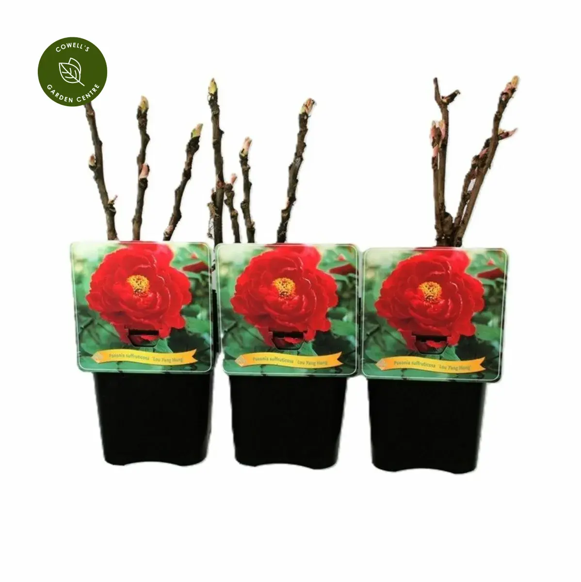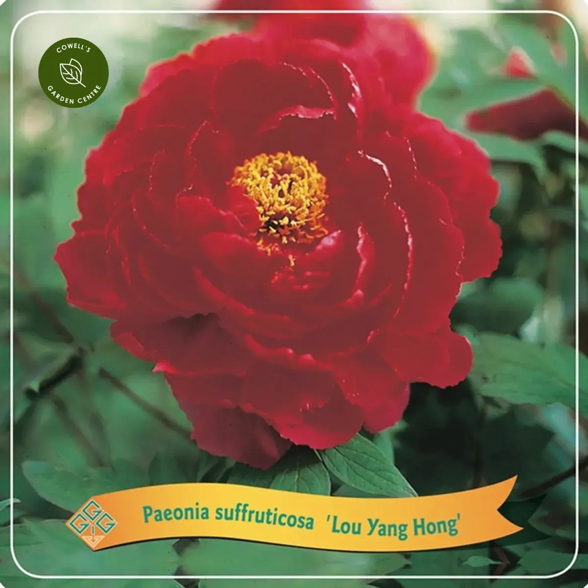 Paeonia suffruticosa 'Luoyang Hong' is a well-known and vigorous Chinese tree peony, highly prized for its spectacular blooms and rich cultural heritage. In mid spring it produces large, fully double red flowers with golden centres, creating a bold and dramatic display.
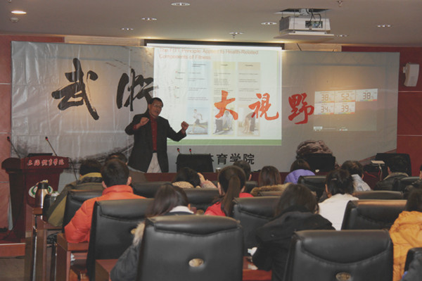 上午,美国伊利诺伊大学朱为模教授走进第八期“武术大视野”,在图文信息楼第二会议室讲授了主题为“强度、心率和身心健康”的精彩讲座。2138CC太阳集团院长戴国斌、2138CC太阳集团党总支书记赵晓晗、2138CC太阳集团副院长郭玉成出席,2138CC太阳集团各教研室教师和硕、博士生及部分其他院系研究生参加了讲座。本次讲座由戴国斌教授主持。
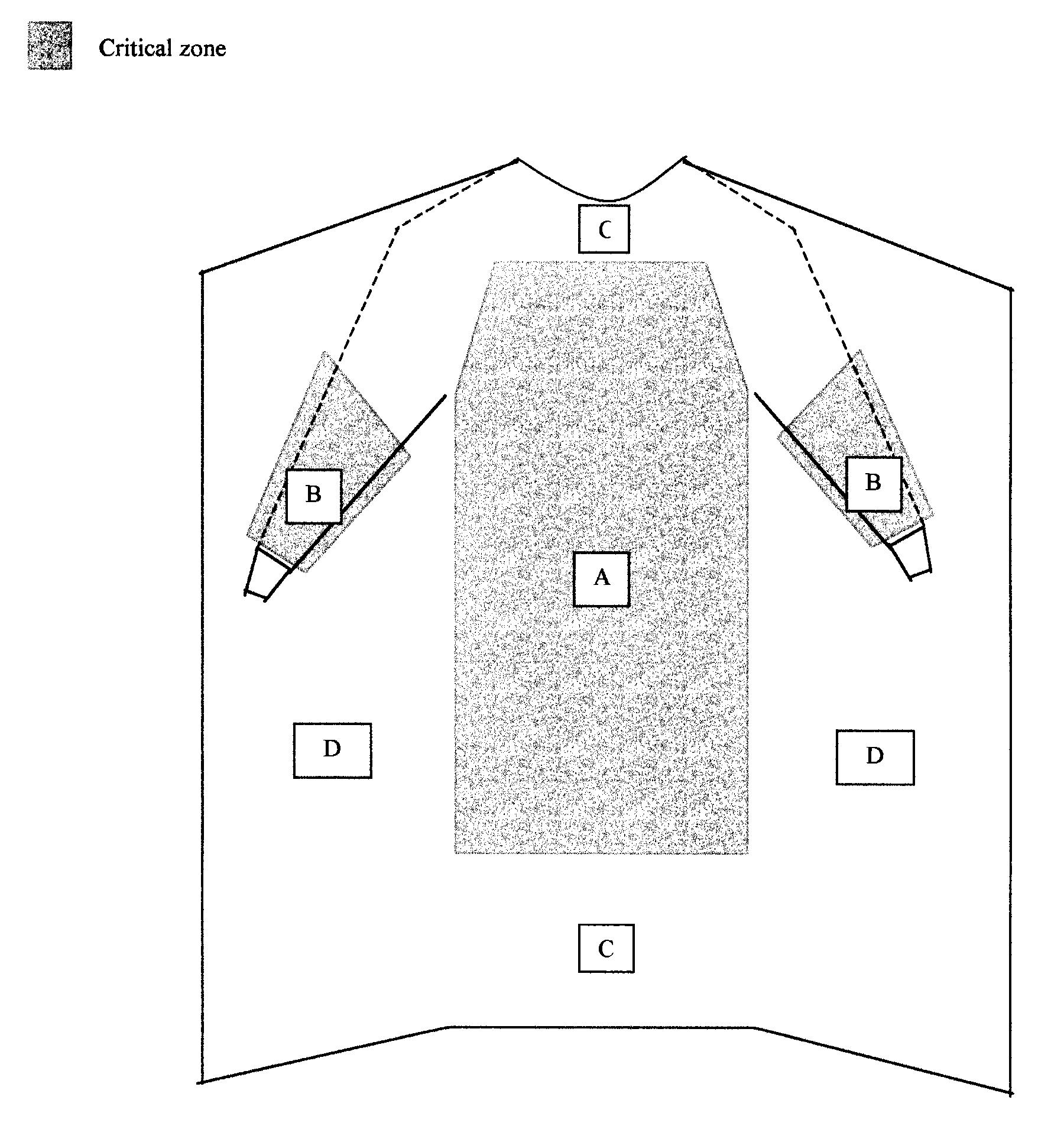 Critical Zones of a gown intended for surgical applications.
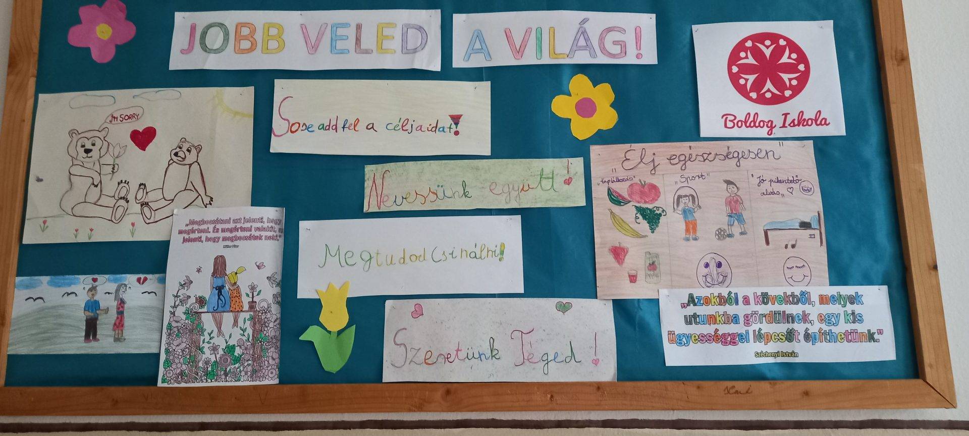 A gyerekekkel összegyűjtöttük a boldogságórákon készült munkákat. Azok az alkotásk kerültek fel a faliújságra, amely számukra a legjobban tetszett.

####

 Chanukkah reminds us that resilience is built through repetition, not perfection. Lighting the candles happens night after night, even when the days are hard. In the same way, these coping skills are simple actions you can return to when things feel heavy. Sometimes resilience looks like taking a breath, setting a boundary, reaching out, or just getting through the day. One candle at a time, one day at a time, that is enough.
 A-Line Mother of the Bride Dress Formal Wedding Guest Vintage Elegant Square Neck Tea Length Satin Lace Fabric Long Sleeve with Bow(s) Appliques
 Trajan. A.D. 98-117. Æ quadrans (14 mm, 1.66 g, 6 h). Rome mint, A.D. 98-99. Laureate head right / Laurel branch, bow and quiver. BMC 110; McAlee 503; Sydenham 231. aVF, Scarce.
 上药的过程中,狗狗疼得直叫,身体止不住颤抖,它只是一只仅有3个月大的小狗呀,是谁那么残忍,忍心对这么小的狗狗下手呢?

####

# [TO DO]
Look back at the entries above and repeat, unchanged, every line from the line holding "Chanukkah reminds us" through the line holding "上药的过程中,狗狗疼得直叫,身体止不住颤".

# [RESPONSE AREA]
 Chanukkah reminds us that resilience is built through repetition, not perfection. Lighting the candles happens night after night, even when the days are hard. In the same way, these coping skills are simple actions you can return to when things feel heavy. Sometimes resilience looks like taking a breath, setting a boundary, reaching out, or just getting through the day. One candle at a time, one day at a time, that is enough.
 A-Line Mother of the Bride Dress Formal Wedding Guest Vintage Elegant Square Neck Tea Length Satin Lace Fabric Long Sleeve with Bow(s) Appliques
 Trajan. A.D. 98-117. Æ quadrans (14 mm, 1.66 g, 6 h). Rome mint, A.D. 98-99. Laureate head right / Laurel branch, bow and quiver. BMC 110; McAlee 503; Sydenham 231. aVF, Scarce.
 上药的过程中,狗狗疼得直叫,身体止不住颤抖,它只是一只仅有3个月大的小狗呀,是谁那么残忍,忍心对这么小的狗狗下手呢?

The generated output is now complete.